2
votes

Recently I read a paper that proposed algorithm for mining Maximum Contiguous patterns from DNA data. The proposed method, which sounds pretty interesting, used the following model of MapReduce. map->map->reduce->reduce. That is, First map phase is executed and its output is input to the second phase map. The second phase map's output is input to the first phase reduce. The output of the first phase reduce is input to the second phase reduce and finally the results are flushed into HDFS. Although it seems like an interesting method, the paper didn't mention how they have implemented it. My question is, how do you implement this sort of MapReduce chaining?

3
Thanks. I didn't actually know how to accept a question:) I tried to "vote up" but coudldn'tAhmedov

3 Answers

1
votes

In Hadoop, as far as I know, you cannot do this as of now.

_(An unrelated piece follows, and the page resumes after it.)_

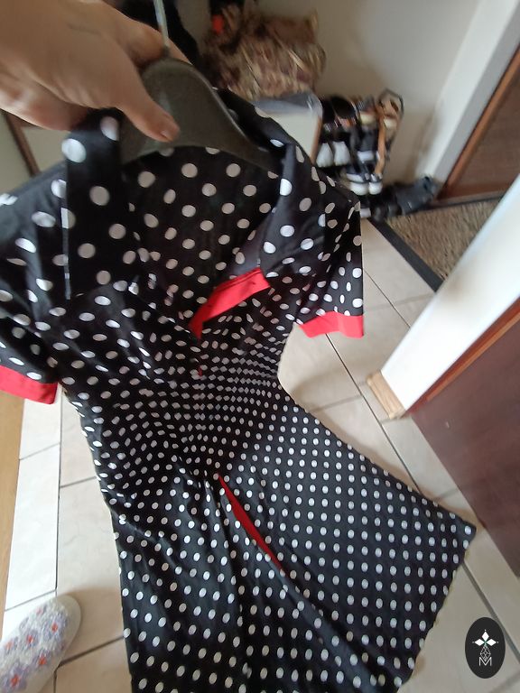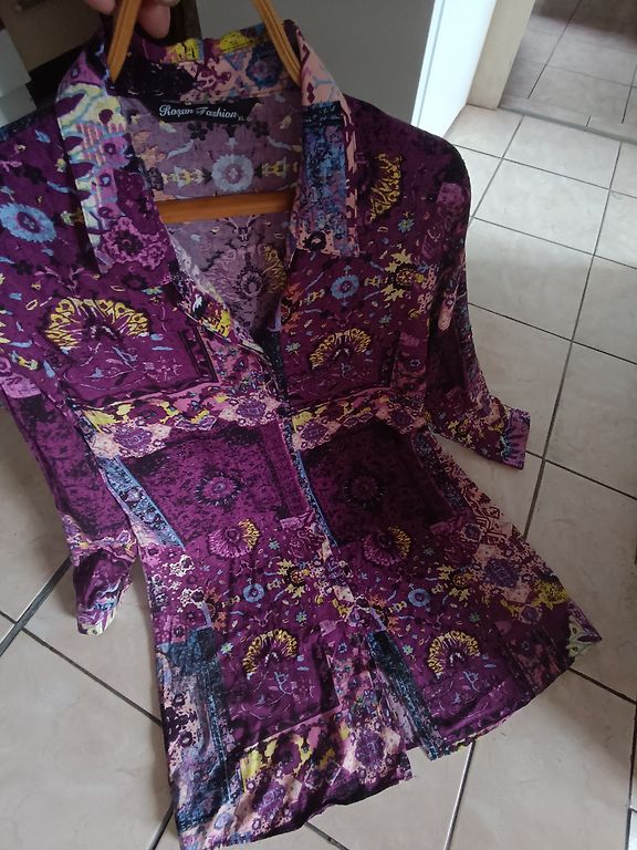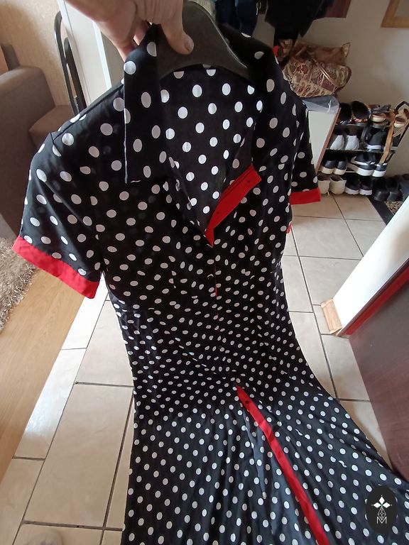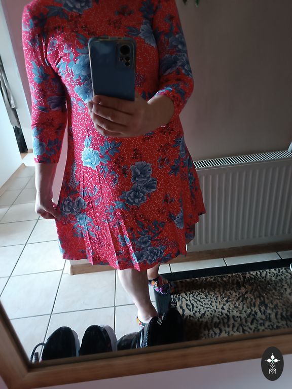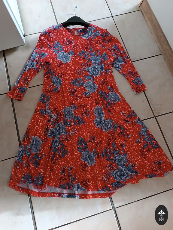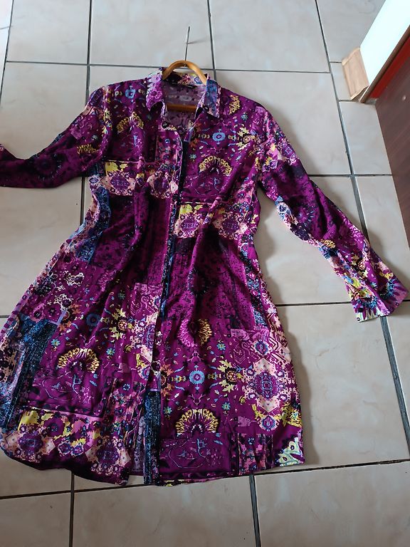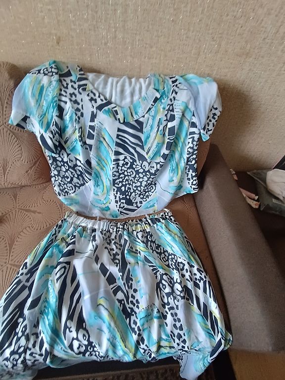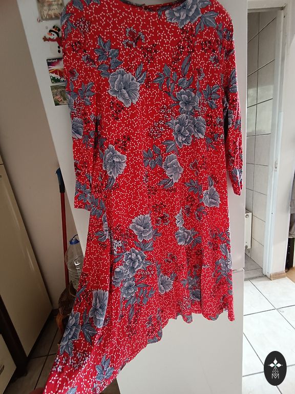 Supermiksta, elastiga, neburziga rudens kleitina. Ar 3/4 dalu piedurknem un dekorativu elementu kakla dala. Krutis 114, padodas, garums 102 cm.
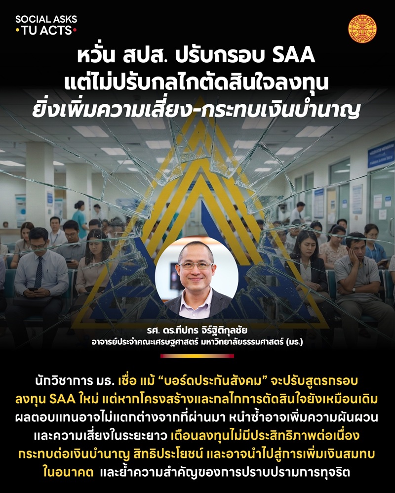 นักวิชาการธรรมศาสตร์ เชื่อ แม้ “บอร์ดประกันสังคม” จะปรับสูตรกรอบลงทุน SAA ใหม่เป็น 50:50 ระหว่างสินทรัพย์เสี่ยงสูงและเสี่ยงต่ำ แต่หากโครงสร้างและกลไกการตัดสินใจยังเหมือนเดิม ผลตอบแทนอาจไม่แตกต่างจากที่ผ่านมา หนำซ้ำอาจเพิ่มความผันผวนและความเสี่ยงในระยะยาว เตือนหากปล่อยให้การลงทุนไม่มีประสิทธิภาพต่อเนื่อง จะกระทบต่อเงินบำนาญ สิทธิประโยชน์ และอาจนำไปสู่การเพิ่มเงินสมทบในอนาคต พร้อมเสนอเร่งสร้างความยั่งยืนกองทุน และย้ำความสำคัญของการปราบปรามการทุจริต

One approach can be to use ChainMapper to do the map->map->reduce part. Then, send the result of this job to another job, and set the mapper to IdentityMapper and the reducer to the second phase reducer that you have.

0
votes

Please read about TEZ . M->M->R->R->R any combo is supported there

0
votes

I think there are two methods to deal with your case:

  1. Integrate the two maps function code into one map task with two phase. Reduce task using the same method as map.

  2. Divide the map-map-reduce-reduce progress into two jobs: two maps as first Hadoop job after converting the second map task type to reduce task; two reduces as second Hadoop job after converting first reduce task to map. May be you could use Oozie to deal with Hadoop workflow if submit some hadoop jobs depending on others.